Canadian National Railway is considering the purchase of 1,000 new grain hopper cars, but it is “contingent on the passage of Bill C-49 without amendments,” J.J. Ruest, the company’s interim president and chief executive officer, said during an April 24 conference call with investors.
CN’s existing grain hopper car fleet consists of about 12,000 cars, including leased units, customer-owned cars and hoppers owned by the railway.
CN declined to provide a numerical breakdown.
When asked why the purchase of new hopper cars was contingent on the passage of an unamended transportation bill, the company said, “Canada needs balanced regulation that encourages investment and innovation in the nation’s transportation system.
“(This) is why we support the swift passage of C-49 without amendments … .

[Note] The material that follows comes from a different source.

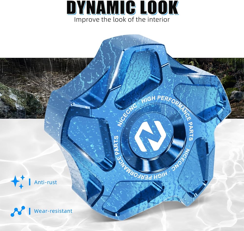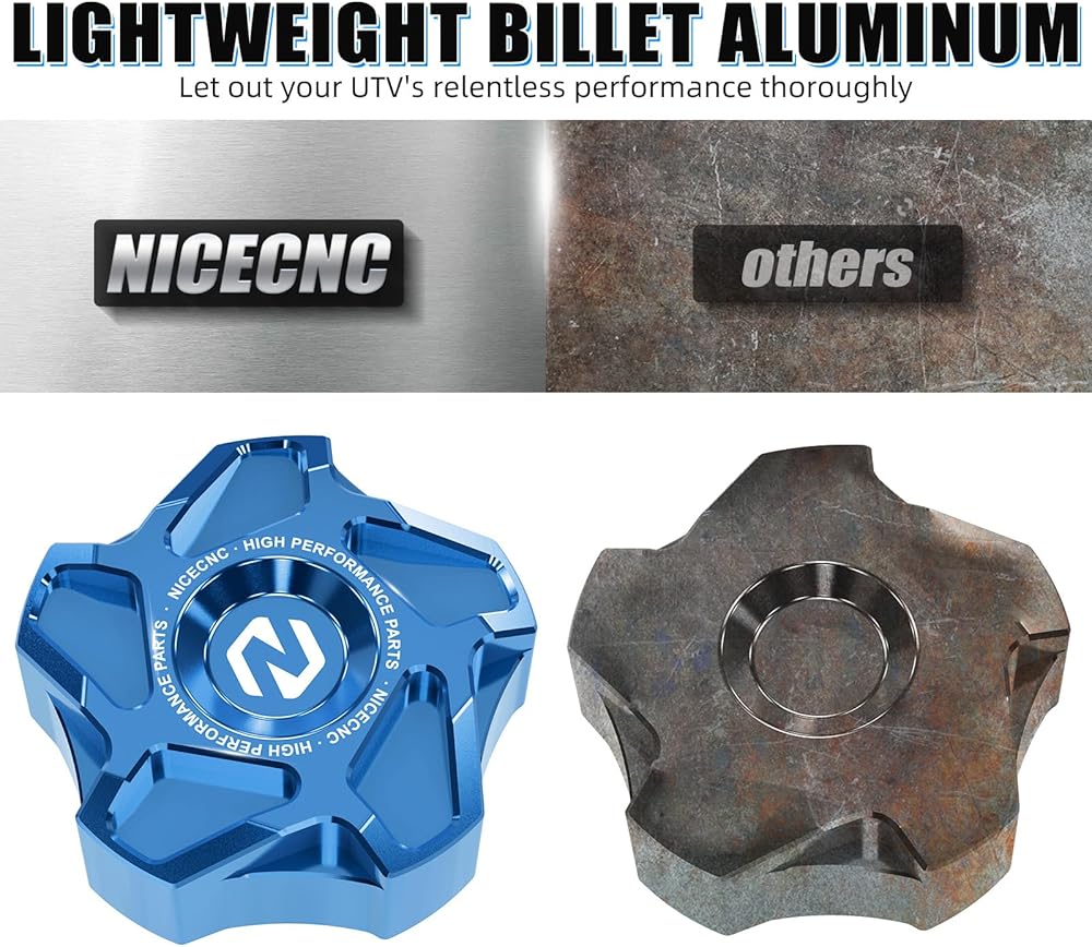 NICECNC RZR Aluminum Fuel Tank Cap Fuel Gas Cap Compatible with Polaris XP 4 2013-2018, Scrambler XP 1000 2016-2021, Sportsman Touring 570 2014-2017, See Fitments Blue

“Lack of stability in the regulatory environment puts at risk the extensive private investment in Canada’s trade-enabling freight network.”
The company declined to offer further information.
CN’s position on C-49 and its suggestion that hopper cars will not be purchased if the bill is amended is not sitting well with some prairie farm groups.
Officials with the Agricultural Producers Association of Saskatchewan said CN should be focused on improving service, not on influencing policy through contingent hopper car acquisitions.
“The rail car supply issue is a distraction from finding real solutions to fixing poor service,” said APAS president Todd Lewis.
“Cars are available. The shortage is in locomotives, labour and logistic planning.”
Lewis said acquiring new hopper cars may be part of a larger solution to improving rail service to the grain industry over the long term.
However, CN should be more concerned with addressing current service issues, including the backlog of prairie grain.
“We need to focus on the logistical planning for next crop year that will ensure we don’t have this problem again,” Lewis said.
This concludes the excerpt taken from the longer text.